Die Kliniken Valens wünschten sich einen persönlichen, verlässlichen, kritikfähigen und gegenüber anderen Lieferanten toleranten Partner, erzählt mein Gastgeber. «Ich bin jetzt schon 30 Jahre in diesem Geschäft und habe alles gesehen. Ich schaue nicht nur auf den Preis», sagt Christian Böck. «Bei Pistor weiss ich, was ich habe. Die Firma hat viel Zeit in unser Projekt investiert; es ist ein Geben und Nehmen. Sie sind immer offen für Fragen, Ideen und Kritik und man kann sich auf die beschlossenen Abmachungen verlassen und muss nicht immer diskutieren.»

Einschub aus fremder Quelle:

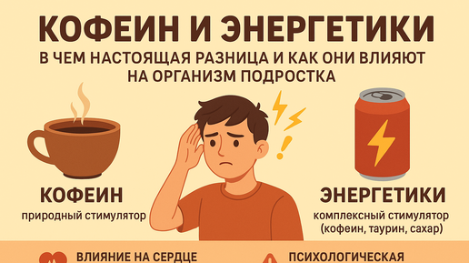 Кофеин и энергетики: в чём настоящая разница и почему подросткам стоит задуматься, что они пьют

EDI: Eine Minute statt 3-4 Stunden
Bevor das Digitalisierungsprojekt mit Pistor kam, waren die Bestellvorgänge bei den Kliniken Valens höchst mühsam. «Eine Bestellung vorzubereiten, dauerte 3-4 Stunden – wir mussten Artikel suchen, Papiere von Hand kopieren, Bestellvorgänge schriftlich dokumentieren und und und», berichtet Christian Böck. In den Lagerräumen des Rehazentrums schauen wir uns die jetzige Infrastruktur an. An Produkten und Regalen kleben Etiketten mit Codes, die Pistor zur Verfügung gestellt hat. Martha Brotzer zeigt, wie sie mit dem EDI-Bestellsystem vorgeht: «Ich prüfe den Bestand, und wenn etwas nachbestellt werden muss, scanne icden jeweiligen Code und kann die Bestellung direkt auslösen. Das dauert gerade mal eine Minute.»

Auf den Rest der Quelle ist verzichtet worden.